UK Losing Dominance in Fintech, Kalifa Review Suggests

A landmark study has shown that, while British fintech continues to flourish, the sector is in danger of losing steam to international competitors.

A major new report on the UK’s fintech sector has found that, while the UK continues to lead in fintech, according to a long-awaited government-backed review of the sector.

The 108-page Kalifa Review, released on Friday, lays out a five-point plan for the continued development of fintech in the UK. The review was commissioned in 2020 to identify priority areas to support the UK fintech sector.

The report recommends the creation of a fintech growth fund, allowing UK pension funds to invest in early stage companies and disincentivise them from quickly selling to wealthy foreign competitors. It also recommends that a retraining programme be set up to encourage further education colleges to help workers understand new tech skills.

Further recommendations include the development of ten new fintech “clusters” across the UK and the establishment of a Centre for Finance, Innovation and Technology to coordinate and encourage growth across the sector.

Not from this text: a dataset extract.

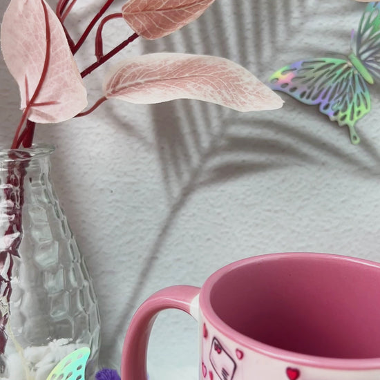 - High quality ceramic mug with two-tone rim, interior, & handle
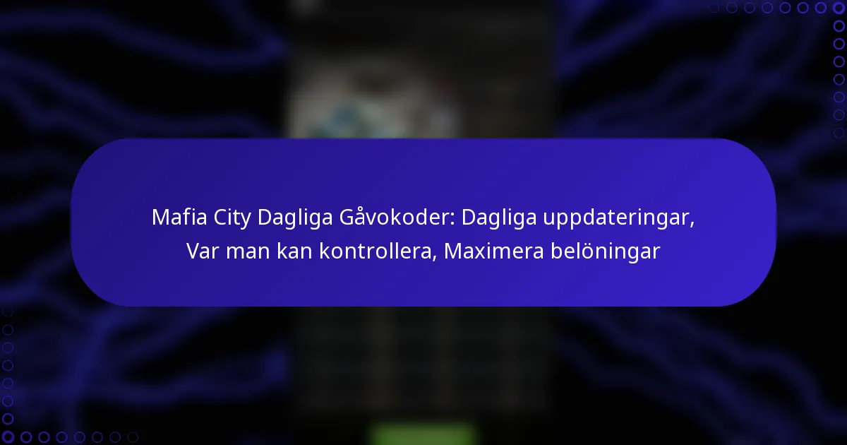 De aktuella Mafia City-gåvokoderna ger spelare olika belöningar, inklusive spelvaluta, exklusiva föremål och bonusar. Dessa koder kan förbättra din spelupplevelse genom att erbjuda värdefulla resurser som hjälper dig att avancera snabbare.

Ron Kalifa OBE, former head of payments firm Worldpay, warned that the UK attracted only 4.5% of new financial company IPO listings between 2015 and 2020, falling far behind the 39% that floated on Nasdaq and the NYSE.

“Britain has a proud record of starting-up and scaling-up some of the best known fintech products, but we cannot rest on our laurels,” Kalifa warned in a statement. “The next powerhouses will not be created by accident.

“We must continue to nurture our start-up culture, but crucially we must also give our high growth firms the support to become global giants.”

After the 2008 financial crisis, fintech emerged as one of the UK’s most fast-expanding industries. It is now worth £11 billion and accounts for 10% of the global market, with high-profile London-based firms such as Monzo, Revolut and Checkout.com making the capital an international hub for fintech.